Monday 4 June 2012

THE REPEAL OF THE CORN LAWS

The repeal of the corn laws by the British Government in 1846 was one of the seminal events of the nineteenth century. The basic law had been introduced by the administration of Lord Liverpool at the end of the Napoleonic wars, and provided for a prohibitively high duty on foreign corn if domestic prices fell below a threshold. As such, it was a high measure of protection for the landed interest at the expense of the consumer. In 1828 the all-or-nothing threshold was replaced with a sliding scale; and in 1842, the Government reduced the scale. However, with the industrial revolution really starting to get traction, the basic issue was whether the incomes of a (mainly) aristocratic minority should take precedence over cheap food for the masses flocking to the towns. The general consensus was that they shouldn't; the problem though was that in 1846, most of the masses had no vote, whereas the landed aristocracy dominated Parliament.

The man who cut through this Gordian knot was Sir Robert Peel, leader of the Conservative Party and Prime Minister since 1841. The irony was that although Peel himself came from manufacturing stock (his father was a first-generation baronet who had made money in Lancashire), the Conservative Party in general, and his Cabinet in particular, represented the landed interest in spades. Against that background, Peel decided to resign and pass the baton over to Lord John Russell, the leader of the Whig Opposition, who had announced his commitment to repeal in November 1845. However, after two weeks of dithering, Russell declined to accept what he perceived was a poisoned chalice (politicians were not so greedy to lead in those days), so Peel took up office again. By the following June, the bill abolishing the corn laws had passed through both Houses of Parliament. Almost immediately, however, Peel resigned as Prime Minister, following defeat on another issue.

The repeal of the corn laws was the biggest single reason behind the prosperity of the third quarter of the nineteenth century, and would not have happened without Peel. However, that same act both cost him his political career (he never held ministerial office again and died in 1850 after falling off his horse), and split the Conservative Party, condemning it to 28 years before it again commanded a Parliamentary majority. Although some party contemporaries undoubtedly wished to retain the laws, the driving force behind the split was the opportunism of Benjamin Disraeli, who took the opportunity to - in effect - destroy Peel as party leader, even if the party that he eventually took over was now a rump. In party-conscious Britain, Peel acquired a reputation as a splitter, even though his crime was to put the interests of his country before that of his party, a rare case of true statesmanship.

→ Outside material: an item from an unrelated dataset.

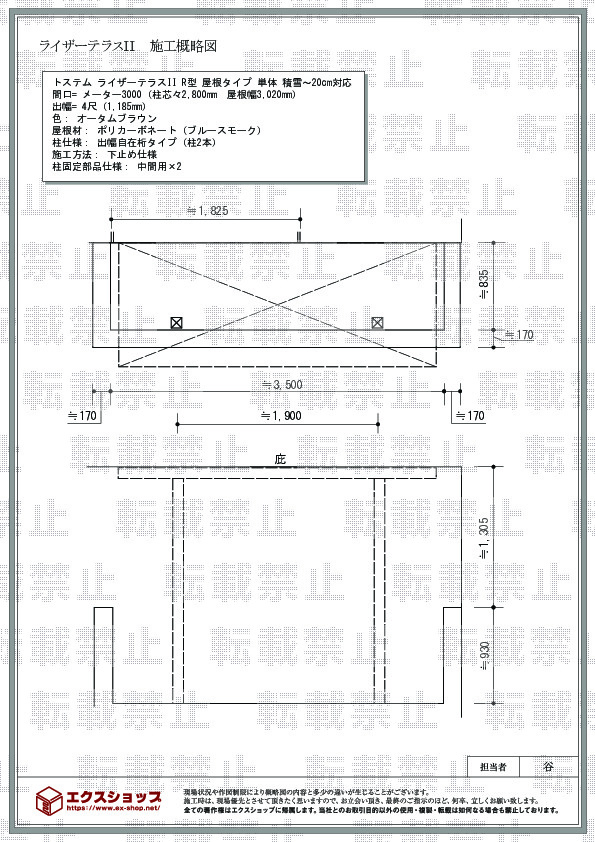 | 柱仕様 | 出幅自在桁タイプ(柱2本) |

Indeed on that score, Peel has a justifiable claim to be Britain's greatest ever Prime Minister. Other Prime Ministers have put country before party; Gladstone over Ireland, Churchill over rearmament, Heath over Europe. However, Peel did it not just once, but twice, having promoted Catholic emancipation some years before. Politicians trying to sort out Europe's current problems could do worse than trying to follow Peel's example.